GIVEN INFORMATION ▸

+--

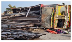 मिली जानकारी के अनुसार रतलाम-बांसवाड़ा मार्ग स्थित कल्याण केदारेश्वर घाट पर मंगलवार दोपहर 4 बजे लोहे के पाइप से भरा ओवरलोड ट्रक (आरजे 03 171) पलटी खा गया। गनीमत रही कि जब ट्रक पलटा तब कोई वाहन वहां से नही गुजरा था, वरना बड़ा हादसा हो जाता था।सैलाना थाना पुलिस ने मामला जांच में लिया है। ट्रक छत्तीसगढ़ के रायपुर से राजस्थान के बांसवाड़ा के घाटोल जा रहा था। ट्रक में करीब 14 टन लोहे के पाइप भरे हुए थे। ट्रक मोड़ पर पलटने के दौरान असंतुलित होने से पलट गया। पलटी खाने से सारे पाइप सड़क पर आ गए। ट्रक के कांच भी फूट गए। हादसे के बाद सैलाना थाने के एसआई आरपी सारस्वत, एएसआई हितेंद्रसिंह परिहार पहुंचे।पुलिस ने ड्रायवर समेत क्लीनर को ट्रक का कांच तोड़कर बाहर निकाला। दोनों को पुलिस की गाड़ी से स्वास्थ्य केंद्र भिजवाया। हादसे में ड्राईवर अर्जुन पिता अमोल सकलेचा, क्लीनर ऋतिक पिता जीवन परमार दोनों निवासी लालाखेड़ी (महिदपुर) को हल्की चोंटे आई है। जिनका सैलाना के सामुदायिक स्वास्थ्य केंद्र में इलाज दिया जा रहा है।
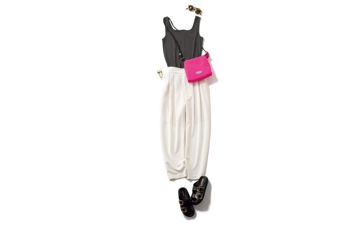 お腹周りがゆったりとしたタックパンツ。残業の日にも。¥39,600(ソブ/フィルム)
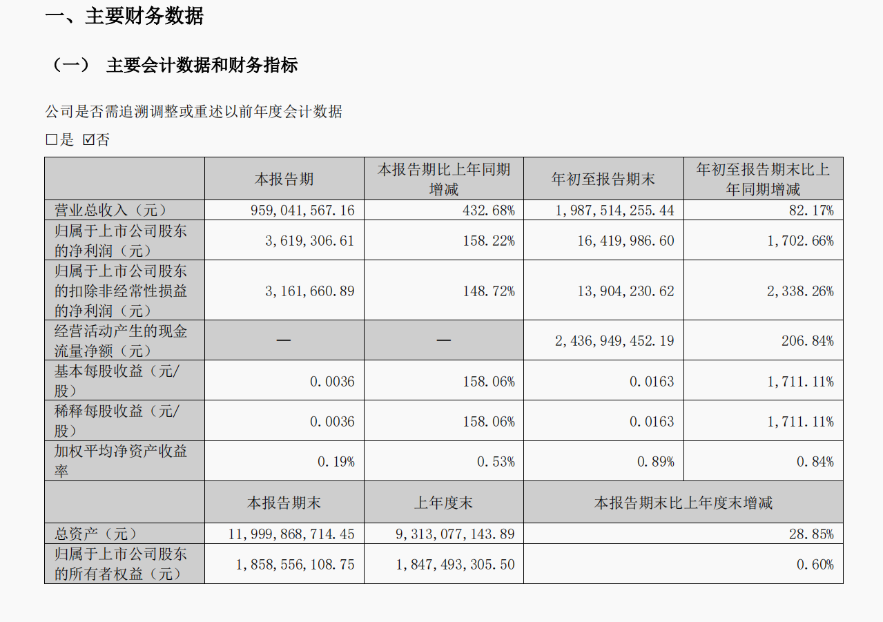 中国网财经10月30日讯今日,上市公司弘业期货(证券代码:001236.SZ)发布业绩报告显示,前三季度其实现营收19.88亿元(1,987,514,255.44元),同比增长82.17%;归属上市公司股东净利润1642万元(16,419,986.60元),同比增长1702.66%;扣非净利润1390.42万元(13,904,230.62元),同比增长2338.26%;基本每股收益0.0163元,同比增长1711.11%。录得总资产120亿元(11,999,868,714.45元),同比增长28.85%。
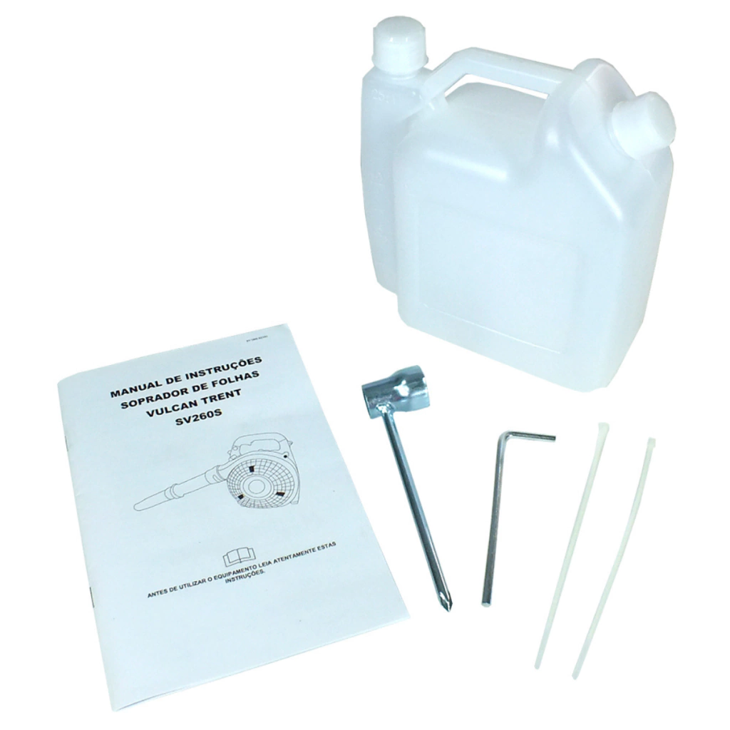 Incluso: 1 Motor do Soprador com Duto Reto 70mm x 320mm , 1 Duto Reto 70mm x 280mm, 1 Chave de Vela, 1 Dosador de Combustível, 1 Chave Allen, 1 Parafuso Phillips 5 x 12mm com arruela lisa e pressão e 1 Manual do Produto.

+--

WHAT NEEDS TO BE DONE ▸
When you reach the line that contains "中国网财经10月30日讯今日", start copying the listing word for word and stop only after its last line, without any pictures.

REPLY ▸
 中国网财经10月30日讯今日,上市公司弘业期货(证券代码:001236.SZ)发布业绩报告显示,前三季度其实现营收19.88亿元(1,987,514,255.44元),同比增长82.17%;归属上市公司股东净利润1642万元(16,419,986.60元),同比增长1702.66%;扣非净利润1390.42万元(13,904,230.62元),同比增长2338.26%;基本每股收益0.0163元,同比增长1711.11%。录得总资产120亿元(11,999,868,714.45元),同比增长28.85%。
 Incluso: 1 Motor do Soprador com Duto Reto 70mm x 320mm , 1 Duto Reto 70mm x 280mm, 1 Chave de Vela, 1 Dosador de Combustível, 1 Chave Allen, 1 Parafuso Phillips 5 x 12mm com arruela lisa e pressão e 1 Manual do Produto.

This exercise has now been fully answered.